I would say you need a loop where in each iteration you will take one row (1 molecule) and save it as a .sdf file. You can check Chunk Loop Start node and this example where you can see how to write multiple files using loop and flow variables

Why second topic with same question? Will close it if you don’t mind.

Br,
Ivan

David32 · December 6, 2019, 1:47pm

Hi ipazin

I have several .csv files so that I can display the SMILES then export in separate .sdf.

I do not see how to apply a KNIME workflow molecule by molecule so that it reads molecules by molecules

ipazin · December 6, 2019, 1:53pm

Hi @David32,

maybe you want to add more information. What is your input, what do you need to perform (some joining or converting) in KNIME workflow and what is your expected output… Adding examples help a lot.

I’m not so much into molecules so maybe someone will figure out what you need with information you presented.

Br,
Ivan

David32 · December 6, 2019, 2:04pm

I have 1 line in a .csv file

I need to convert it to SMILES via the Open Babel node.

Once converted to SMILES I have to export it to .sdf file. I would like to do it for 500 .csv file

My workflow works and looks like this:

File Reader -> Open Babel -> Columf Filter -> SDF Writter

I would like to add a node or write a script for KNIME to make me 500 in a row.

armingrudd · December 6, 2019, 2:30pm

Hi @David32,

Use the List Files node to list all the CSV files. Then the Table Row To Variable Loop Start node. After that you can use the nodes you already mentioned (use the “Location” variable for the File Reader node) and put the Variable Loop End node at the end.

David32 · December 6, 2019, 3:00pm

My workflow looks like this: List of files (directory where are csv files) -> Table Row to Variable Loop Start -> File Reader -> Open Babel -> Colums Filter -> SDF Writer.

I do not see where to place Variable Loop End.

In File Reader “Use Variable: Location” does not make me walk this node.

I need to read 500 .csv files, pass them through the Openbabel node and then output 500 .sdf files

David32 · December 6, 2019, 3:24pm

Hi, armingrudd

It did not work. Would there be a parameter that I missed or would need more details

armingrudd · December 6, 2019, 3:44pm

Here is an example where I have converted a few CSV files into XLSX:

list_files.knwf (134.6 KB)

David32 · December 6, 2019, 4:10pm

Thank you for your example armingrudd, but I need a node that shows what’s in .csv files (new column) before converting them to an .xls file

David32 · December 6, 2019, 4:37pm

Here is my workflow that works for one molecule, with the .csv file attached inside (to be moved (bcl_act.csv), so that there are no errors)

Bcl_Flow_csv_sdf.zip (51.9 KB)

armingrudd · December 6, 2019, 5:01pm

Sorry, use the “URL” Variable instead.
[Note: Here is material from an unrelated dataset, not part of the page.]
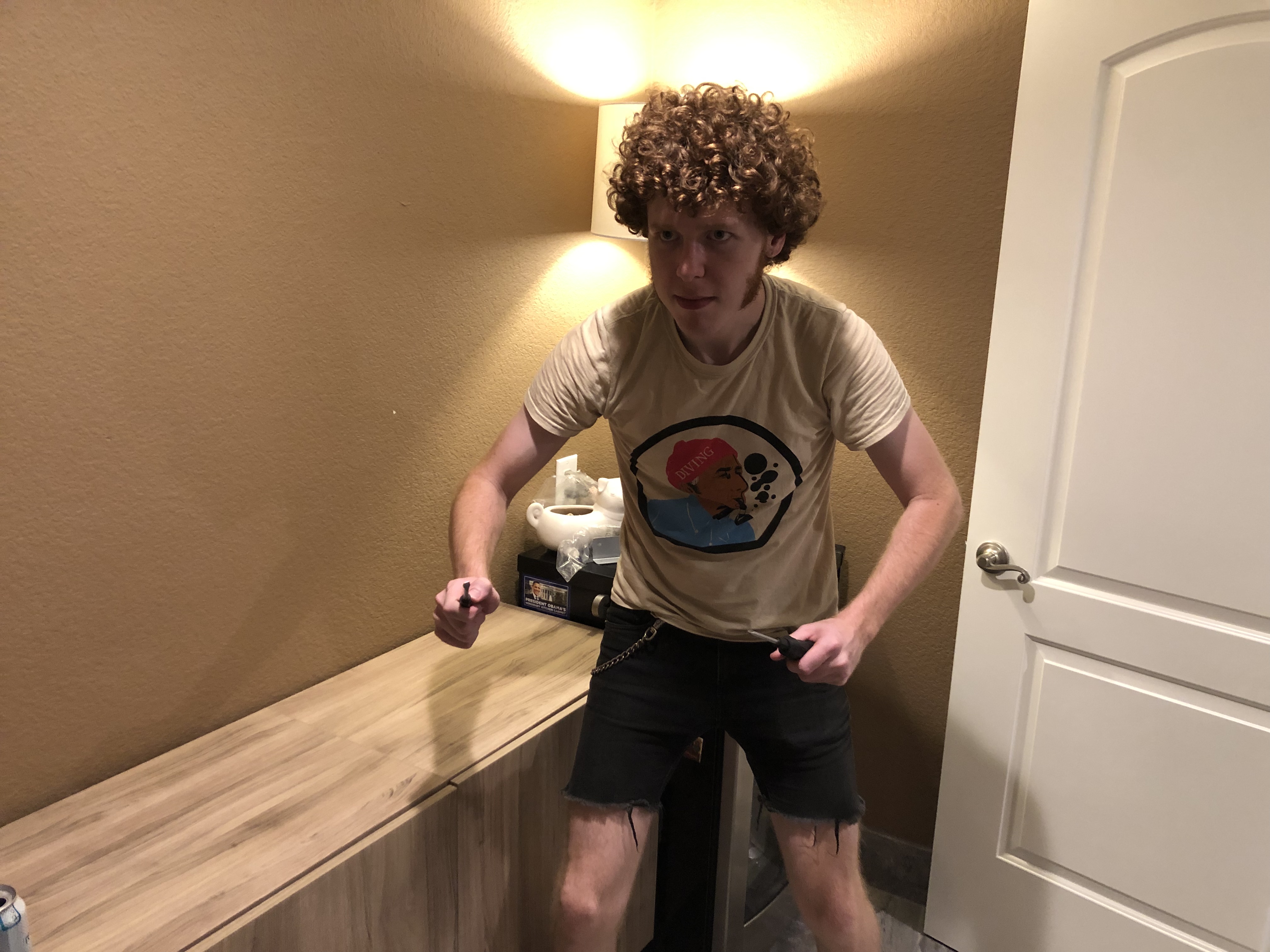 Earlier today, I’d cleaned the front porch and started repotting my Norfolk Island pine. I’m glad my son came, because he helped me with the potting soil. I hope the plant perks up.

I am confused now. I think I set the “Location” as the variable in my example before updating to KNIME 4.1 and now after updating it works with URL.

However, if you use the URL values, the File Reader will work fine.
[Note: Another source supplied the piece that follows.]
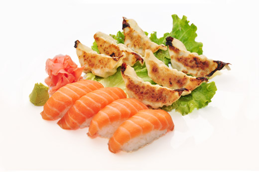 Soupe, Salade, Riz 6 Gyoza( poulet et légume) 4 Sushi saumon

David32 · December 6, 2019, 5:23pm

Can you explain node by node. In which node should I use the option of URL varibable

armingrudd · December 6, 2019, 5:27pm

The File Reader node.

David32 · December 6, 2019, 5:48pm

It helped me a lot, but I get 6 times the same file with 500 lines.

armingrudd · December 6, 2019, 7:13pm

Do you have 500 csv file? or 1 csv file with 500 lines?

If you have 500 csv files you have to follow my solution. If you have 1 csv file with 500 rows and want to write each line in a new file then follow the solution by @ipazin.

If you have several csv files and each of them has several rows and you want each line in each csv file to be written separately, then use the Chunk Loop inside the Table Row To Variable loop.

Pay attention to the file names created by flow variables.

David32 · December 7, 2019, 7:25am

Hello

I have 1 .csv file of 500 molecules that I can cut and 500 .csv files of 1 molecules thanks to R.

armingrudd · December 7, 2019, 7:32am

You do not need to split the CSV file. Just follow the solution by @ipazin and use the Chunk Loop Start node after the File Reader node. At the end of your workflow, after the SDF Writer node, use the Variable Loop End node to close the loop (check my workflow example). And That’s it!

David32 · December 7, 2019, 7:51am

Sorry, but how with you did to put the link (in red) between Excel Writer and Variable Loop End

?

David32 · December 7, 2019, 7:54am

I just managed to put the link